The self of the fantasy novels has gone one step further and changed her name, because I co-write these books with my partner, David Towsey, and we publish them under D. K. Fields: a pseudonymous self that appears singular but is, in fact, a double act. D. K. Fields has problems that Katherine Stansfield doesn’t. For instance, when copies of the first book by D. K. Fields were sent to us in the post, we almost missed the delivery which raised an interesting hypothetical: if we had to go to the post office to collect the parcel, we would need ID that bears the addressee’s name. But we don’t have any such ID, because D. K. Fields doesn’t really exist, and we hadn’t thought to ask our publisher to address our book delivery to the writers who do. D. K. Fields can write a trilogy of novels, but they can’t confirm who they are to Royal Mail.

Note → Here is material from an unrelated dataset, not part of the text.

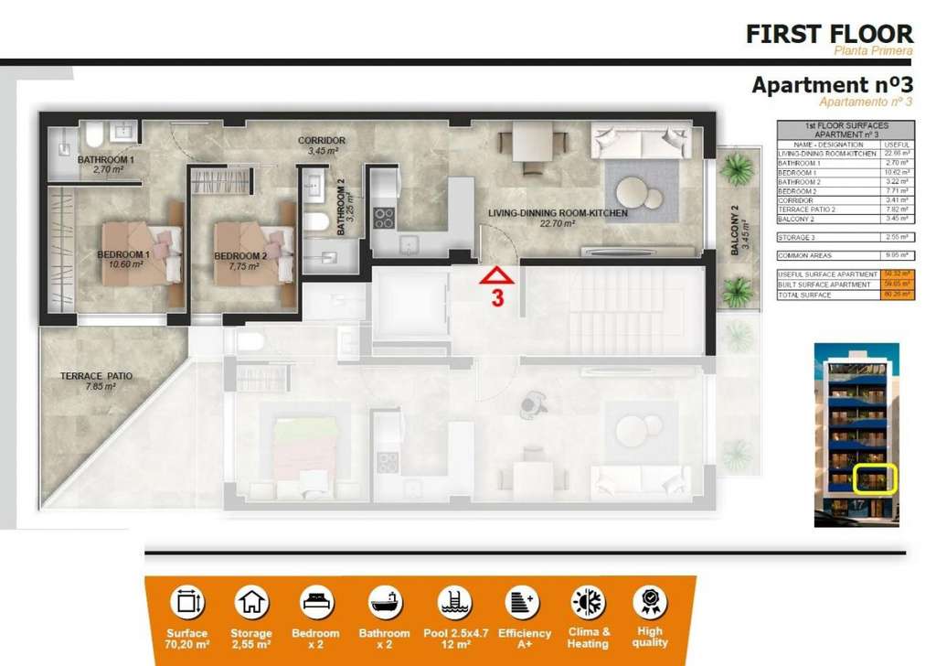 Torrevieja es una de las ciudades costeras más dinámicas y en crecimiento de la Costa Blanca, famosa por su clima, playas, salinas y vida cultural. Esta promoción es ideal tanto para residencia habitual, inversión o como segunda vivienda para vacaciones.

This is a challenge to the writing self I couldn’t have anticipated, but the good news is that as the selves multiply, my writing gets better, because I’m working in new forms and with new challenges. I carry with me the knowledge gained from previous projects. From the perspective of a writer, it doesn’t matter that those older forms might be very different to the things I’m working on now. I’ve stopped thinking about form as a fixed thing and learnt that some selves need a rest so that others can emerge. At the moment, I have the sketchy draft of a travel memoir last tinkered with four years ago which I hope to re-work into auto-fiction, using prose poems and flash fiction: some selves will have to collaborate for that. A space opera is a tantalising plan — something I’ve never tried before but D. K. Fields is keen.
It’s another story in the world of publishers’ sale teams, of course, who tend to prefer streamlined author ‘branding’ to help the marketing departments. I’ve accepted the fact that my many selves make for a complicated sell. I’ve amended my biography to ‘multi-genre writer’ which seems to cover my different writing identities who are hard at work now, as well as others who might still appear.
When I think back to the terrified self who taught ‘Writing Selves’ to undergraduates, daunted and full of imposter syndrome, I’m very grateful to her for rising to the challenge. That self, now a stranger in so many ways, taught my writing selves more than she could ever have imagined.